■ Exercise brief
A faithful copy is needed of the lines below from the one with "Пряжа Alize полушерстяная" up to and including the one with "Фотограф AFP зафіксував"; set it down with no pictures and no other lines.

■ Records shown
***

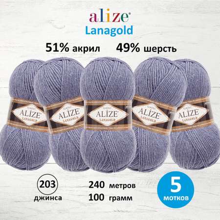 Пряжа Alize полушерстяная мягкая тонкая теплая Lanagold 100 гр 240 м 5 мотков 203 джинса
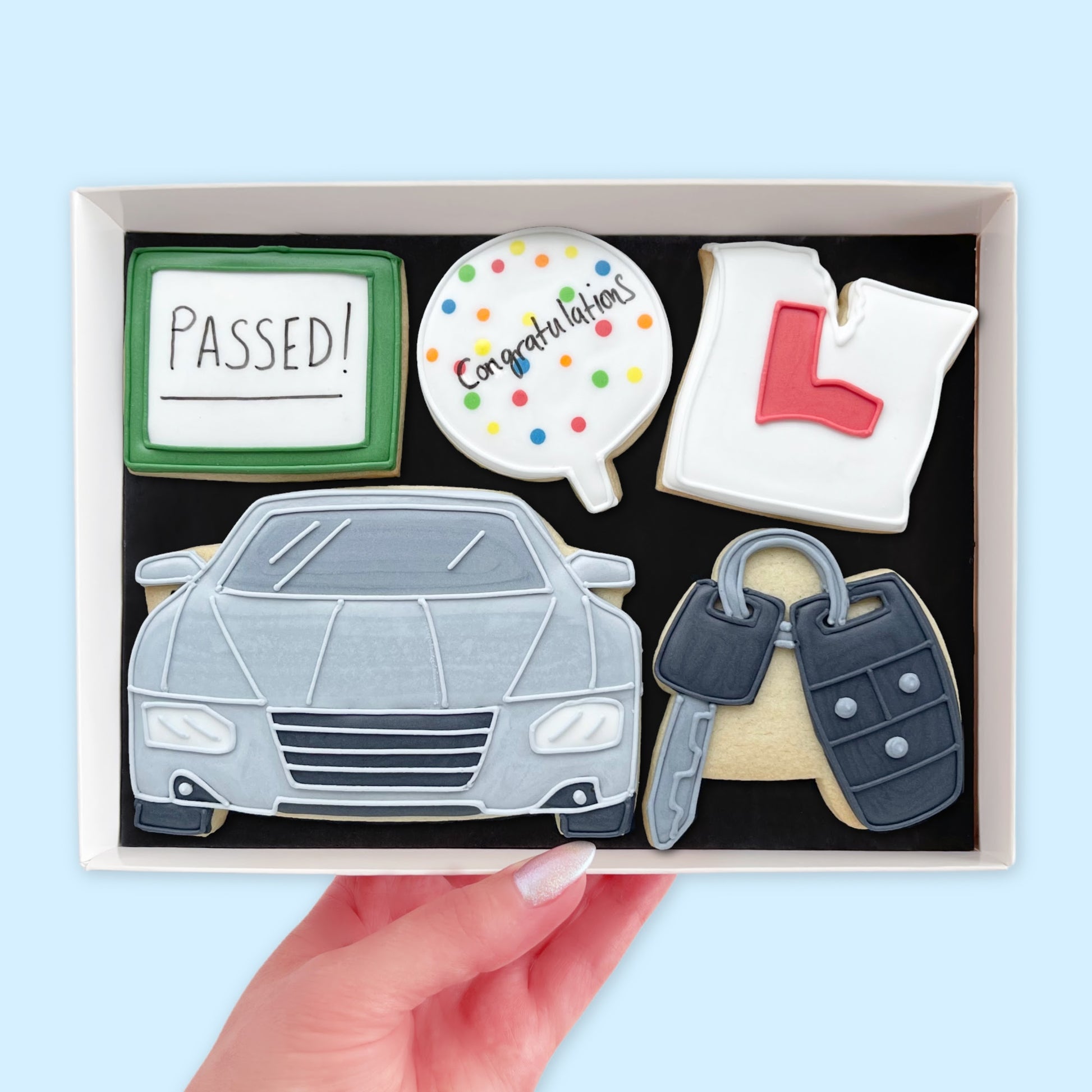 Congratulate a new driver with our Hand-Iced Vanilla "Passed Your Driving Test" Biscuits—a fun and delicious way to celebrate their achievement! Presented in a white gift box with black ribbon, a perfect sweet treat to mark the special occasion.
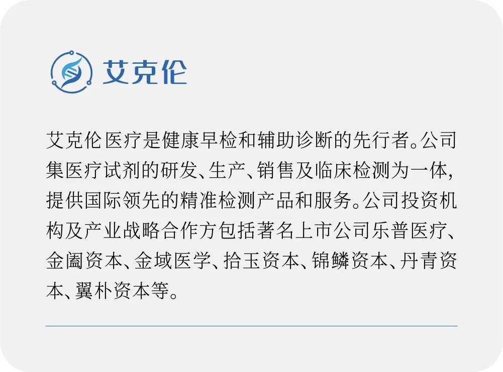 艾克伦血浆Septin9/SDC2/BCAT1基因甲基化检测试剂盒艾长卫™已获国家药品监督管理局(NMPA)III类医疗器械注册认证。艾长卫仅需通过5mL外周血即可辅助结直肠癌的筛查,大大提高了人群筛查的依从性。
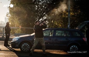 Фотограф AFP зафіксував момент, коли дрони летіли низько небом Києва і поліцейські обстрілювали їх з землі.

***

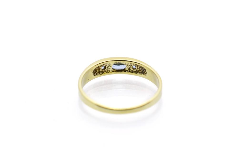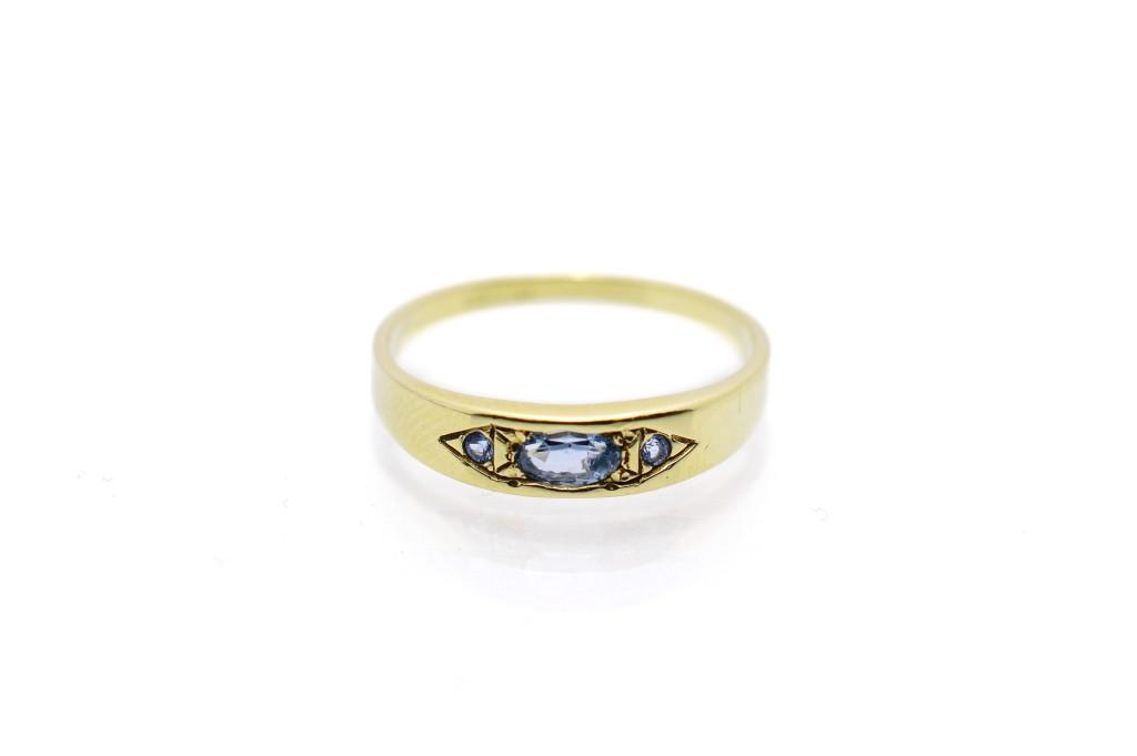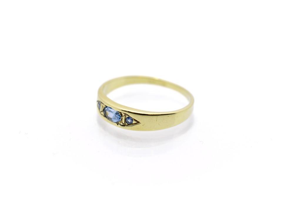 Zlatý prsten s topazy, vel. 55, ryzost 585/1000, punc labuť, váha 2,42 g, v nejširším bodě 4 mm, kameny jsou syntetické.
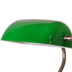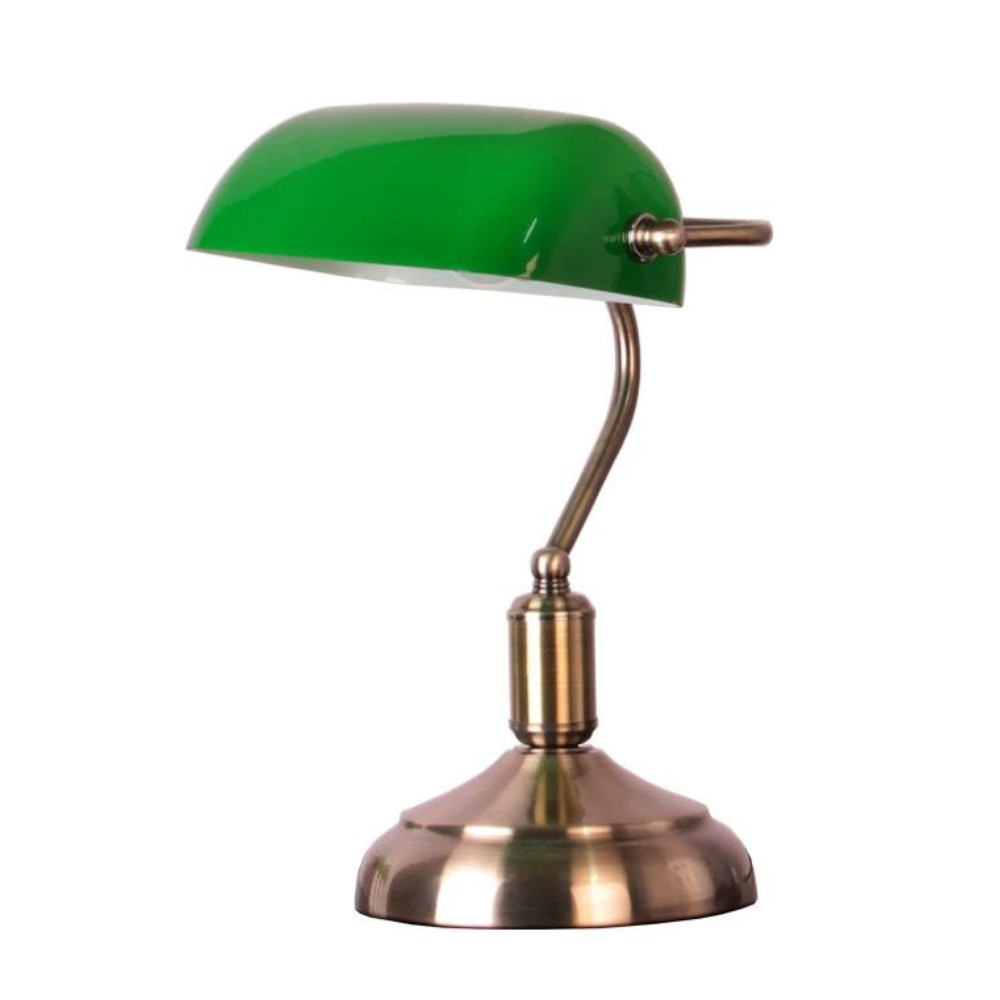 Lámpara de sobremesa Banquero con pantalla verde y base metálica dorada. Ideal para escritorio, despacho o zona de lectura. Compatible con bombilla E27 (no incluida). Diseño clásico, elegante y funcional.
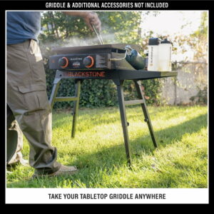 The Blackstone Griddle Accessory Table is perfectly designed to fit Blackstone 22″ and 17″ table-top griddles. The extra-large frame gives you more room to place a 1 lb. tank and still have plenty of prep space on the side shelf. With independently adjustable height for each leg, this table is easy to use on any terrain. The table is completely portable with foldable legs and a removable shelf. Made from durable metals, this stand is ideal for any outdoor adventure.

***

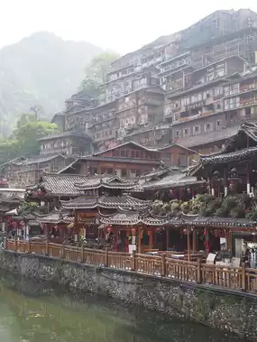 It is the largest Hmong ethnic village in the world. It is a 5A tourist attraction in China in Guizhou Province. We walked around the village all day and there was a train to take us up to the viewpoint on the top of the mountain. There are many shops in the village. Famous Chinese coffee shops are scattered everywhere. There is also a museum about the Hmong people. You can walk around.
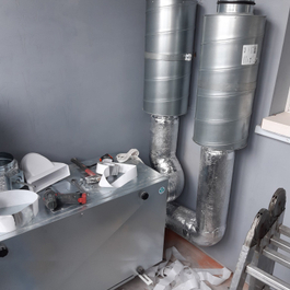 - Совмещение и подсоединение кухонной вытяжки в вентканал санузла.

***

■ Written answer
 Пряжа Alize полушерстяная мягкая тонкая теплая Lanagold 100 гр 240 м 5 мотков 203 джинса
 Congratulate a new driver with our Hand-Iced Vanilla "Passed Your Driving Test" Biscuits—a fun and delicious way to celebrate their achievement! Presented in a white gift box with black ribbon, a perfect sweet treat to mark the special occasion.
 艾克伦血浆Septin9/SDC2/BCAT1基因甲基化检测试剂盒艾长卫™已获国家药品监督管理局(NMPA)III类医疗器械注册认证。艾长卫仅需通过5mL外周血即可辅助结直肠癌的筛查,大大提高了人群筛查的依从性。
 Фотограф AFP зафіксував момент, коли дрони летіли низько небом Києва і поліцейські обстрілювали їх з землі.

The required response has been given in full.